Due to the practical importance of CO problems, many algorithms to solve them have been proposed. These algorithms can be classified as either complete or approximate algorithms. Complete algorithms are guaranteed to find, for every CO problem instance, an optimal solution in polynomial time, but for CO problems that are NP-hard (Garey & Johnson, 1979), no polynomial time algorithms exist. Therefore, complete methods might need exponential computation time in the worst case. Thus, the development of approximate methods including CI techniques has received a growing attention where finding optimal solutions cannot be guaranteed but getting good solutions in a significantly reduced amount of time is desirable.

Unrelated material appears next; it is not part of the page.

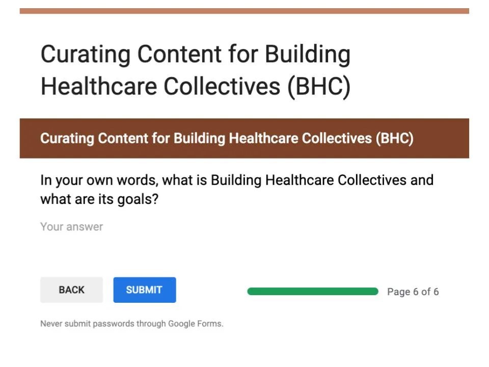 In this section of the Google Form, the goal of the questions were to see what people wanted Building Healthcare Collectives to be and if the whole team was on the same page or not.
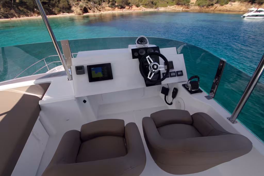 The MY 37 is higher off the water (average freeboard of 91cm) than her competitors, but more importantly, is narrower: 5.10 meters, as opposed to the 6.79 meters of the Lagoon 40 MY which is only just longer. A few dozen centimeters which can reduce your marina charges… and gives neat aesthetics, enhanced by the color scheme: white for the lower hull, bronze for the topsides, a black reveal containing the hatches, and then another bronze layer for the coachroof overhang. All this gives an elegant and modern look to the MY 37, which, as the smallest in Fountaine Pajot’s motor yacht range, is seen as an entry-level boat. Daniel Andrieu’s design team has opted for fine-entry bows which then step out, forward above the waterline, to become a step which continues around each hull. This immediately gives a reduction in wetted area to reduce the wake - and therefore the amount of energy required for propulsion - but is equally effective as a spray deflector. Even though the need for an anti-leeway design is nothing like as important as with a sailing catamaran, the architect has nevertheless drawn the 37 with stubby keels - giving a draft of only 80cm - so as to maintain a bit of grip when maneuvering slowly at close quarters with the wind on the beam. This is important, because the MY has fairly significant windage, especially with the hard-top. And the motors are not so far apart… so perhaps the bow thruster option designed by the yard might not be such a bad idea in the busiest of marinas. The helmsman, up on the flybridge, enjoys an excellent view generally, but can’t see the four corners of the boat. A crewmember on the deck would be handy.

Computational intelligence is used to solve problems that only humans and animals can solve, i.e., problems requiring intelligence (Chen et al., 2001). Artificial Intelligence (AI) has been already established since the mid 1950s, addressing problems that require intelligence in order to be solved. Thus, one may ask, what is the difference between AI and CI? Zadeh (1994, 1998) distinguishes hard computing techniques based on AI from soft computing techniques based on CI. In hard computing, imprecision and uncertainty are undesirable features of a system whereas these are the foremost features in soft computing. Figure 1 shows the difference between AI and CI along with their relationship to hard computing (HC) and soft computing (SC). Zadeh defines soft computing as “a consortium of methodologies that provide a foundation for designing intelligent systems”.

Figure 1.

Artificial intelligence (AI) versus computational intelligence (CI)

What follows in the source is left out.